Although the overall structure of AKT1 is similar to that of voltage‐gated animal channels, the mode of subunit assembly appears to be different, with a major role for the C‐terminal domains in the case of AKT1. In channels of the Shaker family, the C‐terminal cytoplasmic tail has been shown not to be involved in tetramerization (Li et al., 1992; Hopkins et al., 1994). AKT1 C‐Term tetramers appear to be very stable, as the monomeric form is undetectable in gel filtration column eluates (Figure 2B). Thus, interactions involving the C‐terminal hydrophilic part are likely to be important for AKT1 tetramerization. These results show that animal and plant potassium channels have developed independent ways to achieve their correct subunit assembly resulting in a tetrameric organization which is compatible with gating inside the channel pore.

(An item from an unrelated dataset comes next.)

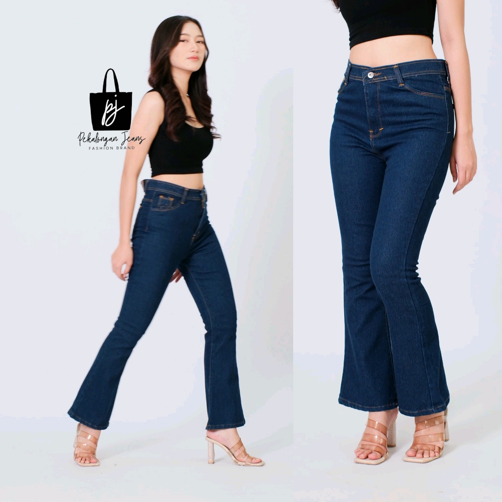HW Highwaist Celana Panjang Jeans Cutbray Wanita Stretch Jeans Denim Korean Style Flared Viral Kekinian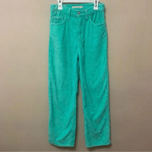 Levi’s Ribcage Straight Ankle Pants in Electric Green Corduroy Size 24

Using the two‐hybrid system, we have defined two kinds of interactions: one between identical regions 2 (amino acids 294–516), and another one between region 2 and region Δ4 (amino acids L777 to the last one, S857). All the results obtained are consistent with the existence of these two interactions (Figure 5). They are reproducible and always reciprocal (i.e. the occurrence of a positive or negative result does not depend on the Gal4 domain with which the AKT1 fragments are fused, as demonstrated by the symmetry of measurements with respect to the diagonal of the table in Figure 5). In no combination did the ankyrin‐repeat domain (included in region 3) show any interaction, either with itself or with other regions of AKT1 C‐Term. Interaction with itself was not expected since ankyrin domains are known to interact with sequences which are not related to them (Hoffman, 1991). The negative results obtained with other parts of the molecule could be due to incorrect folding of the ankyrin domain when isolated from its normal polypeptide environment. However, the structure formed by the six adjacent ankyrin repeats would be expected to be globular and stable, from the data obtained on human erythrocyte ankyrin (Michaely and Bennett, 1993). Furthermore, negative results were obtained when region 3 was included in large parts of the molecule (see Δ2–3–4 with Δ2–3–4, and Δ2–3–4 with δ2–3 in Figure 5). Thus, the higher level of β‐galactosidase activity that resulted in some cases when ankyrin domain was present (e.g. in tests with region 2–3 compared with the same tests performed with region 2) is likely to arise from an increased stability of the fusion protein and/or a better folding of the interacting domain, rather than from interactions involving ankyrin domains.
The two‐hybrid experiments performed with region 2 revealed different binding properties between its N‐ and C‐terminal segments. The first one (2A), was found to be involved in the interaction with the C‐terminal end (Δ4) of the protein, whereas the other (2B, including the putative cyclic nucleotide‐binding domain), appeared to be mainly responsible for the observed self‐association of regions 2–3 (and consequently of region 2), since deletions of domain 2A or region 3 from region 2–3 (generating regions δ2–3 and 2, respectively) did not severely affect the interaction. Interestingly, in the AKT1 gene (Basset et al., 1995), two introns flank a segment corresponding to amino acids R323–L384. This provides further support for the hypothesis that the inserted sequence, corresponding for the junction between the transmembrane domain and the putative cyclic nucleotide‐binding domain, codes for a real domain.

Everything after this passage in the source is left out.